Moquin-Tandon uses several pseudonyms in particular to carry out literary hoaxes. It makes appear with Toulouse in 1836 Carya magalonlensis :

Moquin-Tandon was not satisfied to simulate a manuscript of the beginning of the fourteenth century, to invent it , in Romance language, of speaking the language which one then spoke in Montpellier; but, to still mislead the perspicacity of the most tested criticisms, it made draw its work only with fifty specimens, carefully numbered. It decorated it of a facsimiled of the handwritten alleged original, and itself lithographed, gilded and colored these fifty specimens.

The illusion was so complete that specialists in the Romance language were mistaken there. Today, he is often regarded as pertaining to the category of the “insane arts persons”. Augustin Pyrame de Candolle made of him this portrait:

Mr. Moquin who was with Belanger in my herbarium is very opposed to his character. It is an active, hard man and who has easy work. It came to study Chénopodées and close families and since published on this family an excellent monograph. It has all Languedocien promptness and amused us much by reading us a small work of its composition in the language of the troubadours presumedly found with Maguelonne and made rather well in the kind to have been able to mislead Mr.
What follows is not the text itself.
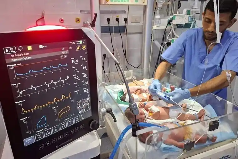 医療機材の不足が続くガザ地区の病院では、1台の保育器を複数の新生児で使っている=2025年7月16日 |

Rainouard.

List partial of the publications

  • Memories on oology, or eggs of the animals (Paris, 1824).
  • Test on the dédoublemens or multiplications of bodies in the plants (Montpellier, 1826).
  • Monograph of the family of Hirudinées (Gabon, Paris, 1827).
  • With Philip Barker Webb (1793-1854) and Sabin Berthelot (1794-1880), Natural history of the Canary islands (Paris, 1836-1844).
  • Chenopodearum monographica enumeratio (P. - J. Loss, Paris, 1840).
  • Moquin-Tandon directs the publication of two volumes of Las Flors LED gay saber… (Toulouse, 1841).
  • Elements of vegetable teratology, or shortened History of the anomalies of the organization in the plants (P. - J. Loss, Paris, 1841) - the work is translated into German by Johannes Conrad Schauer (1813-1848), Pflanzen-Teratology, Lehre von dem regelwidrigen Wachsen und Bilden der Pflanzen (Haude and Spener, Berlin, 1842).
  • Natural history of terrestrial and fluviatile molluscs of France, container of the general studies on their anatomy and their physiology and the particular description of the kinds, the species and the varieties (three volumes, J. - B. Baillière, Paris, 1855).
  • Elements of medical zoology, containing the description of the animals useful for medicine and the harmful species to the man (J. - B. Baillière, Paris, 1860, republished in 1862).
  • Elements of medical botany, containing the description of the plants useful for medicine and the harmful species to the man (J. - B. Baillière, Paris, 1861, republished in 1866).
  • Under the pseudonym Alfred Frédol Le Monde of the sea (printing works of E. Trip hammer, Paris, 1863, republished by L. Hatchet, 1865, then in 1866 and 1881).
  • a naturalist in Paris republished in 1999 by Sciences in situation, collection “Direction of the history”, 163 p.

Sources

  • Pierre Cabard and Bernard Chauvet (2003). Etymology of the names of birds. Belin and Natural Éveil (Paris): 589 p. (its note contains the erroneous indication that Moquin-Tandon reaches a pulpit of the national Muséum of natural history whereas it is about one pulpit at the medical college).
  • Benoit Dayrat (2003). Botanists and Flora of France, three centuries of discoveries. scientists Publication of the national Natural history museum of natural history: 690 p.
  • Amédée Dechambre (1880). encyclopedic Dictionary of medical sciences , second series, volume ninth. G. Masson (Paris).